Partial-dual polynomials:from ribbon graphs to delta-matroids

图的曲面嵌入是拓扑图论的一个主要研究内容,而几何对偶是拓扑图论中非常普遍且重要的概念.带子图是胞腔嵌入图的一种几何表示,可通过它引入部分对偶,即比几何对偶更加广泛的概念.部分对偶进一步被推广到部分twuality,它在多个领域均有广泛的应用,特别是拓扑和代数图论、拟阵论、拓扑学和物理学等.2020年,Gross等提出了带子图部分对偶欧拉亏格多项式,讨论了该多项式的基本性质并提出了若干问题和猜想.本文介绍本团队近几年在部分对偶欧拉亏格多项式方面的研究进展,包括推广这类多项式的概念和部分性质至delta-拟阵.
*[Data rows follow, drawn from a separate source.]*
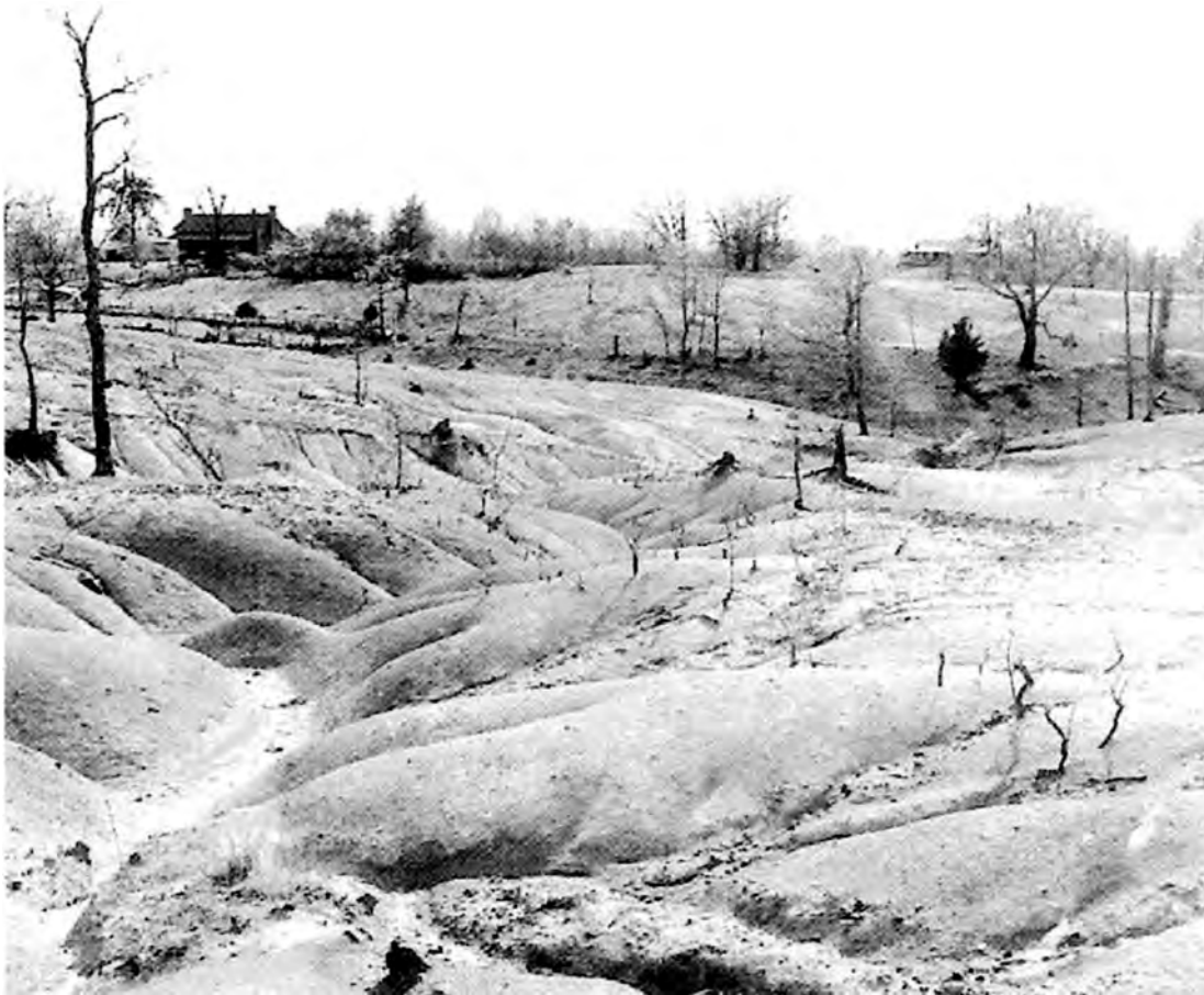
Effects of erosion in the Tennessee Valley.

14 Study the photograph, and then answer the questions which follow.
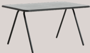
DINING TABLE 140
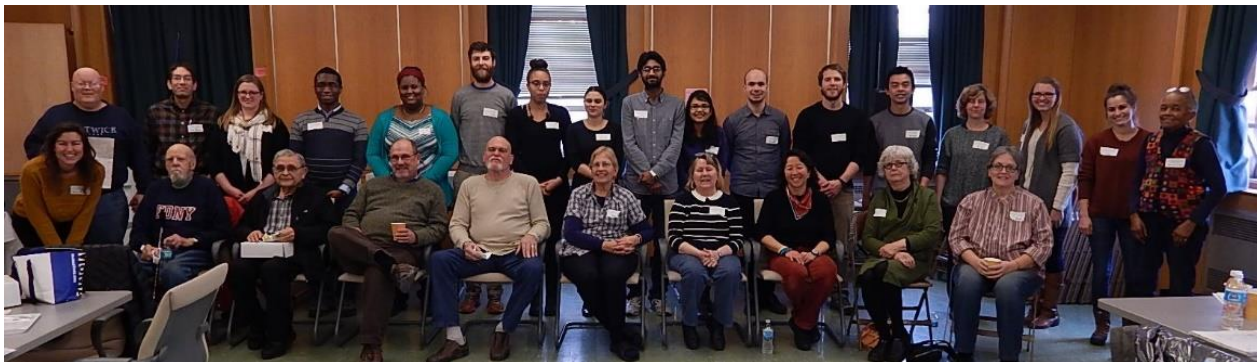
CRC Clients and cancer researchers at Cornell at a weekend workshop
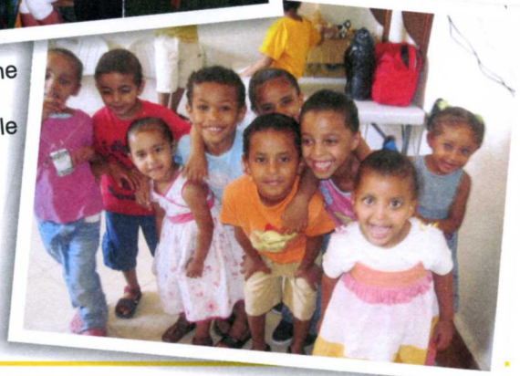
Hello from the children at SunShine
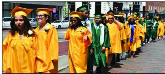
Here comes the Class of 2022 arriving for the 91 commencement on Saturday, May 21, 2022 outside the Cathedral of the Holy Cross.
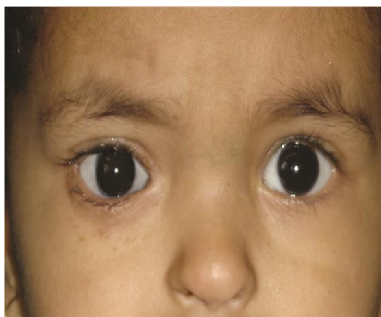
Fig. 1: A case of anterior (corneal) staphyloma of right eye
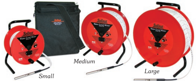
Model 101 Water Level Meter Reels

* Polyethylene tapes are only available in these lengths
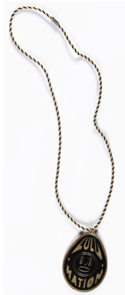
Title: Zulu Nation Pendant Formerly Owned by Afrika Bambaataa Date: c. 1970 Primary Maker: Afrika Bambaataa Medium: polyester; cord; metalwork
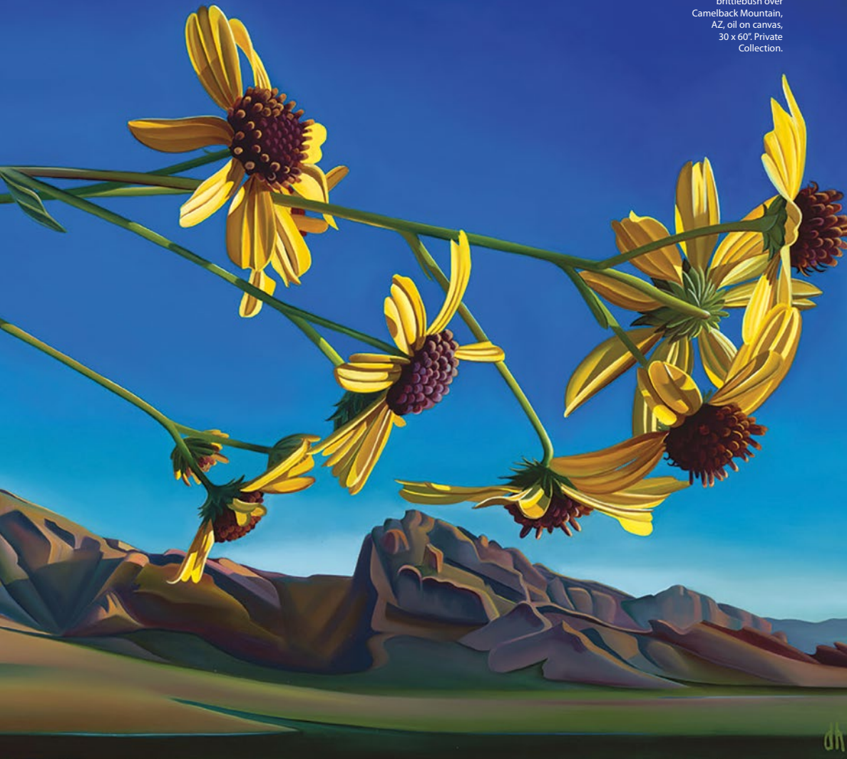
I'll Be Back, brittlebush over Camelback Mountain, AZ, oil on canvas, 30 x 60". Private Collection.

A rizona, with its extreme variations in elevation and climate, is home to almost 4,000 species of native plants, making it one of the most floristically rich regions in the United States. This abundance also makes it a perfect home for artist Dyana Hesson, whose focus is painting the state's vast botanical biodiversity ahead of a sweeping showcase of her progress at Tucson's Arizona-Sonora Desert Museum in the fall of 2025.
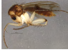
[Lateral] Exechia BIN URI: BOLD:ACD9501
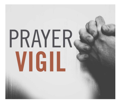
Prayer Vigil Sign-Up Sheet for 30-minute slots will be available soon.
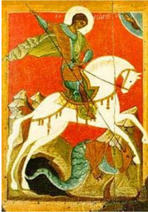
St George, Patron Saint of England
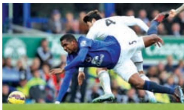
Samuel Eto'o (L) is challenged by Ki Sung-yueng during their English Premier League soccer match at Goodison Park in Liverpool, northern England on 1 Nov, 2014.

Mihajlovic, a notoriously tough taskmaster who has revived Sampdoria's fortunes in his 15 months in charge, said he was ashamed by

As one of primary objectives of topological graph theory,graph embeddings on surfaces are studied.Also,the geometric duality is regarded as a very pervasive and important concept in topological graph theory.Ribbon graphs are infact equivalent to cellularly embedded graphs.Also,in most studies on partial duality known as an extension of the geometric-duality concept,the language of ribbon graphs is often used.The concept of partial duality is further extended to the partial twuality,which arises in numerous areas,particularly topological and algebraic graph theory,matroid theory,topology,and physics.In 2020,Gross et al.introduced the partial-dual Euler-genus polynomial of a ribbon graph and discussed the fundamental properties of this new polynomial and proposed some problems and conjectures.In this paper,we report our recent progress on partial-dual Euler-genus polynomials and consider analogues of partial-dual Euler-genus polynomials for delta-matroids.